Puede ser difícil de entender, ese brillo gris en la mirada,
una luz nublada imperceptible, cuenco de una gota congelada.
Un velo flotando en su misterio, nadie se percata de lo dicho,
un camino frágil, sin sustento... la profunda voz de lo incisivo.
Una prioridad en su cuidado, nada que fragmente lo obtenido,
habla a su interior, y ella sabe, algo que omitió desde el inicio.
Nada se alteró en lo visible, algo transmutó sin más indicio,
ella se corrió de ese camino, algo que entendió, quedó escondido.
Y aunque no hay dos sin tres... así fue dicho,
¡Qué mal hace insistir, si no hay señal de algo preciso!
Nadie vió el derrumbe de un altar sobre su pecho,
nadie se alteró al advertir... muros sin paz, dichos sin hechos.
En un cielo nublado y algo ambiguo, harto de negarse en su desierto,
mira y evalúa el recorrido, algo adormecido... no es intento.

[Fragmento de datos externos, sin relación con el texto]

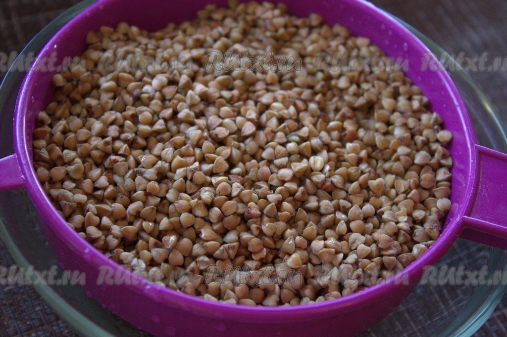 Гречневую крупу промыть под проточной водой, откинуть на сито, чтобы стекла лишняя жидкость (или выложить крупу на бумажное полотенце).

Llora sin sonido, nadie ha visto, flor de una emoción en detrimento,
muda, en su expresión más desvelada, grave, en lo profundo de su centro.
Algo la corrió sin más consulta... algo decidió desde su ego,
algo se apropió de algo impropio, alguien, no entendió que no era apego.
Nunca fue esa hiedra, y no fue orquídea, trepando sin pensar, sin desaliento,
no supieron ver que era genuino, ella decidió... y fue correcto.
Todos miran algo inesperado, ella supo ser más que el libreto,
nadie supo ver cuánto costaba, tan solo imaginaron que fue bueno.
Y no quiso explicar, pero intentaba, mostrar lo que omitieron en la huida,
y ella dijo... ¿Para qué seguir hablando, si no solucionaba la partida?
No hay forma de olvidar lo que ha vivido... irónica la fe, se ha congelado,
¿Qué le pasó al destino en su emboscada? ¿Por qué se dió ese giro inesperado?
Si no se va luz, habrá otro día, tan claro como un cielo despejado,
no niega su verdad, no va rogando, sus pasos son genuinos y callados.